Items from a dataset
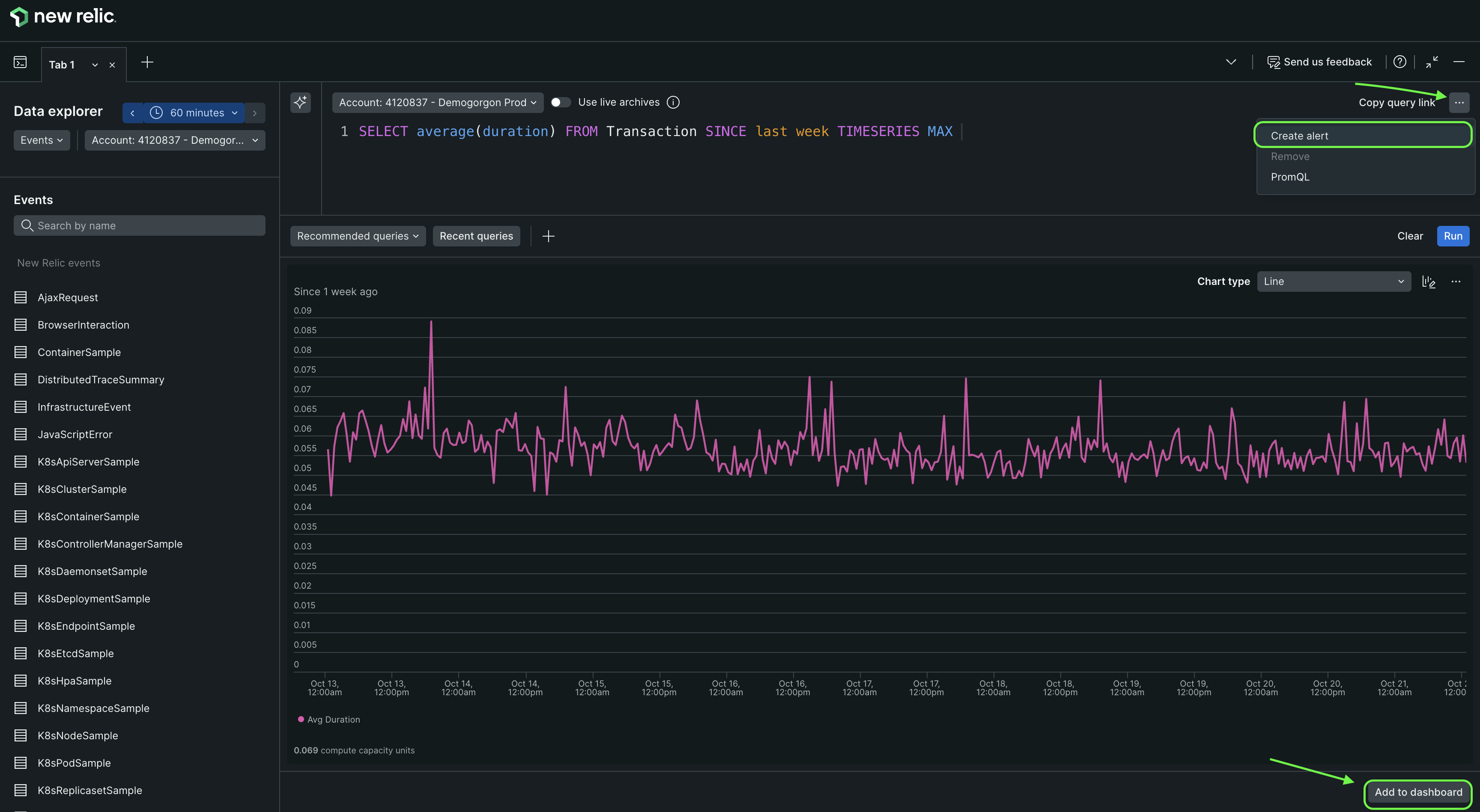 Access the query builder through the Query your data drawer at the bottom of any New Relic page to run queries and create custom charts, other visualizations, and NRQL alerts.
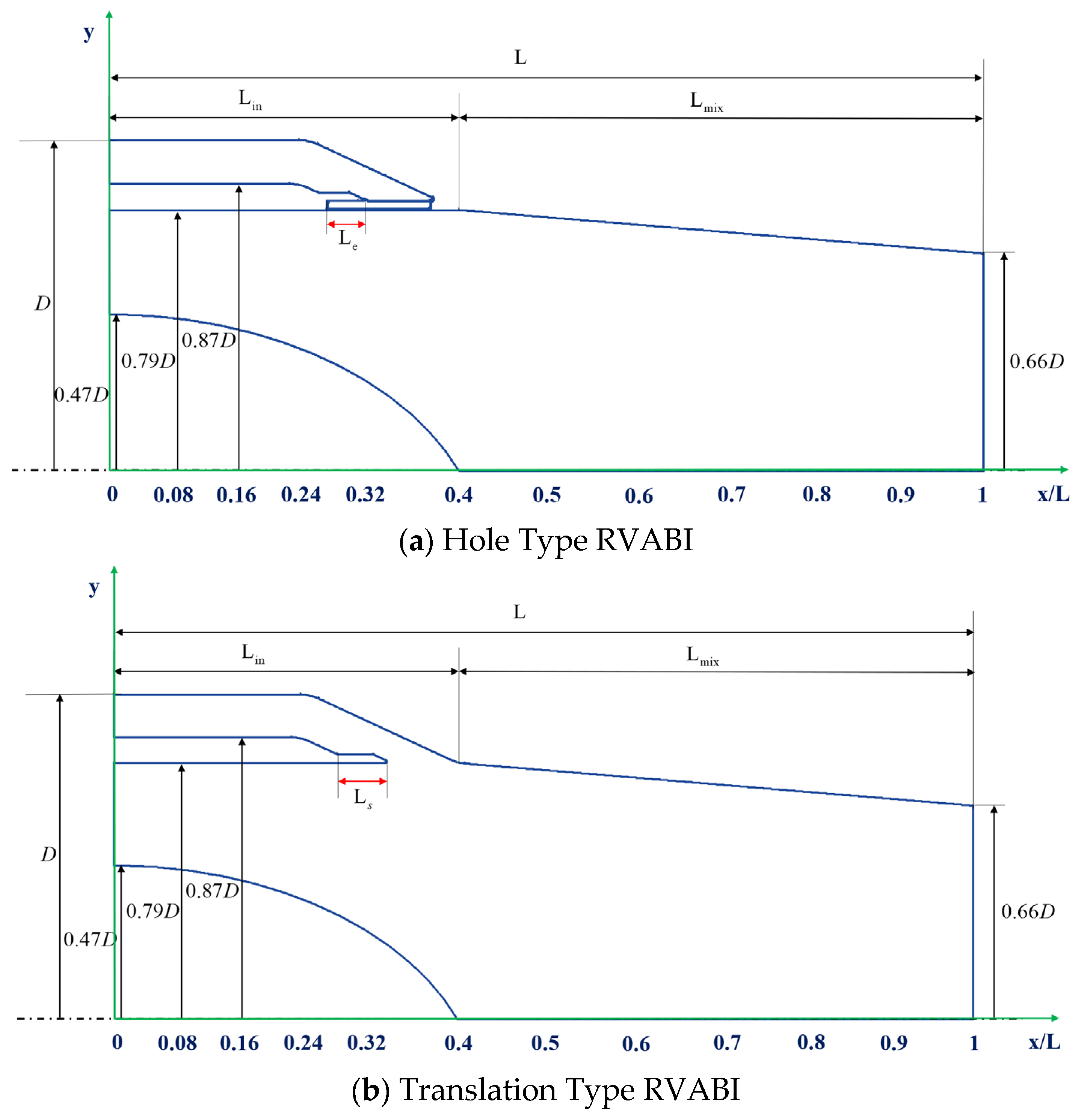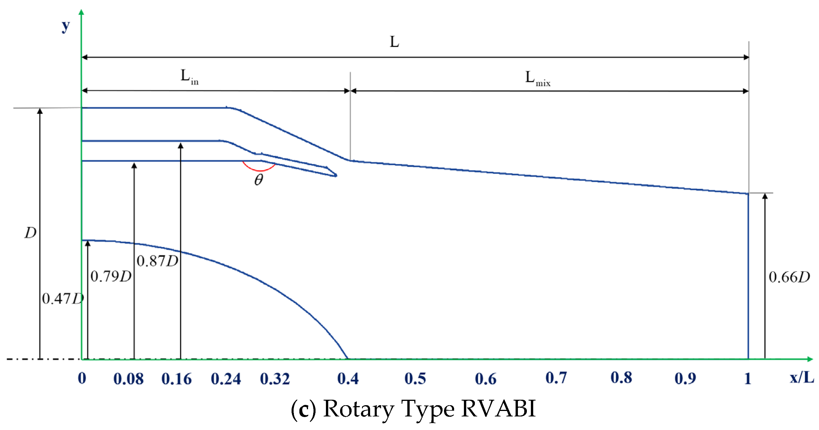 - The external geometric parameters of the three configurations of the RVABI are consistent, including the inlet length Lin, mixing length Lmix, diameter D, etc., of the RVABI.
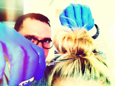 A cantora acabou de postar em sua página do twitter o seu novo visual. Primeiro ela postou uma foto onde o seu famoso coque iria ser cortado. Até aí legal, achei que era tipo uma brincadeira, mas aí ela me vem com esta foto no twitter:
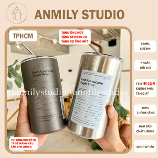 Ly giữ nhiệt văn phòng ANMILY CUP Iced Americano 600ml bằng thép không gỉ 304 có ống hút kèm theo | tặng sticker 2D
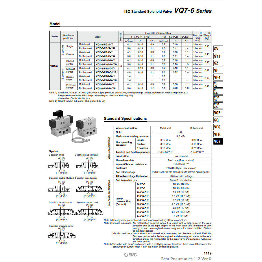 วาล์วโซลินอยด์นิวเมติก SMC วาล์วควบคุม VQ7-6-FG-S-3NR
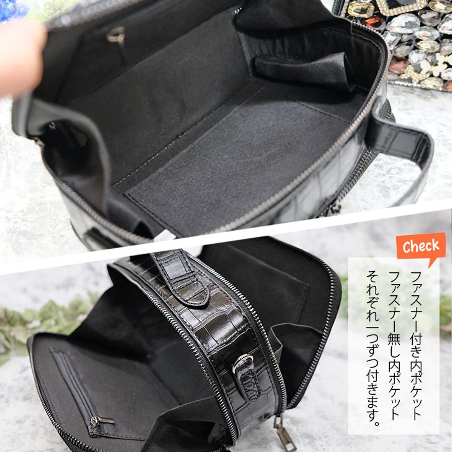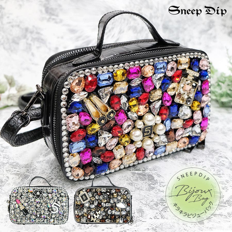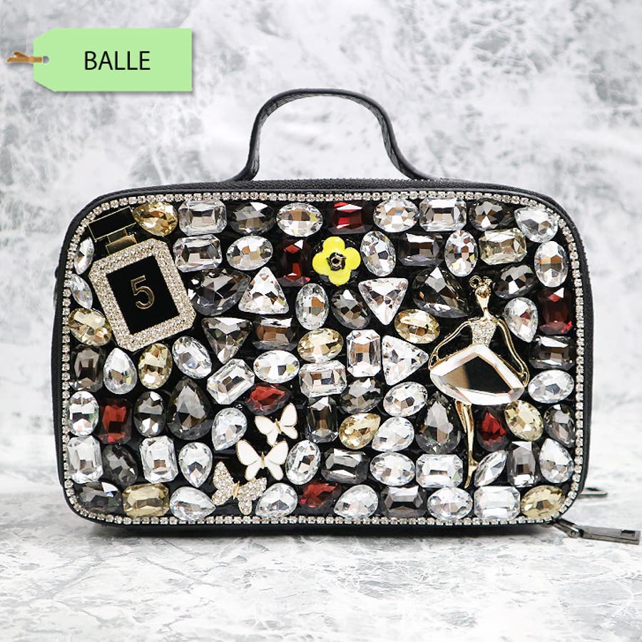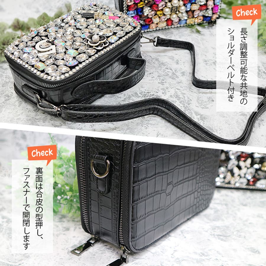 | 素材等 | 本体: エコレザー/合金 内側:ファスナーポケット×1、内ポケット×1 その他:持ち手取外し不可、ショルダーチェーン取外し可 ご注意:ビジューの色や形はそれぞれ異なります。予めご了承ください。 |
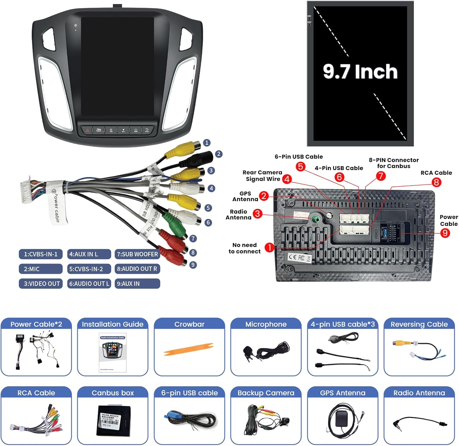 | BuiltIn Media | Power Cable*1, Can Bus*1, GPS Antenna*1, RCA Cable*1, Reversing Cable*1, Radio Extension Cable*1, USB Cable*2, Crowbar*1 |
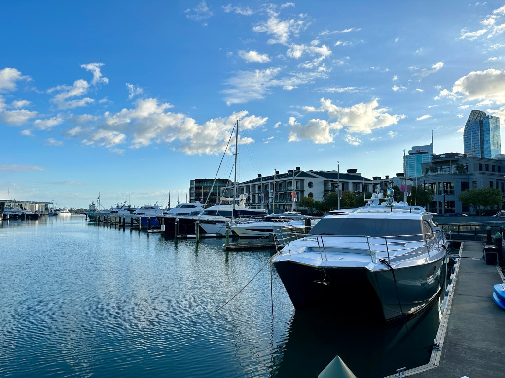 Auckland faces onto Hauraki Gulf, roughly two-thirds of the way up the North Island. We were fortunate to have two days of beautiful weather to explore the area. Our hotel (the Sofitel, generic modern) abuts a yacht-filled marina, and a walking path extends along the adjacent harbor for several kilometers – a perfect (if largely theoretical) venue for burning off recent indulgences.

Activity
Look above for the line with "- The external", then give again exactly every line from there through the line with "その他:持ち手取外し不可、ショルダーチェーン取外し可 ご注意:ビジューの色や形はそれぞれ異なります。予めご了承ください。 |", skipping the pictures.

Answer area
 - The external geometric parameters of the three configurations of the RVABI are consistent, including the inlet length Lin, mixing length Lmix, diameter D, etc., of the RVABI.
 A cantora acabou de postar em sua página do twitter o seu novo visual. Primeiro ela postou uma foto onde o seu famoso coque iria ser cortado. Até aí legal, achei que era tipo uma brincadeira, mas aí ela me vem com esta foto no twitter:
 Ly giữ nhiệt văn phòng ANMILY CUP Iced Americano 600ml bằng thép không gỉ 304 có ống hút kèm theo | tặng sticker 2D
 วาล์วโซลินอยด์นิวเมติก SMC วาล์วควบคุม VQ7-6-FG-S-3NR
 | 素材等 | 本体: エコレザー/合金 内側:ファスナーポケット×1、内ポケット×1 その他:持ち手取外し不可、ショルダーチェーン取外し可 ご注意:ビジューの色や形はそれぞれ異なります。予めご了承ください。 |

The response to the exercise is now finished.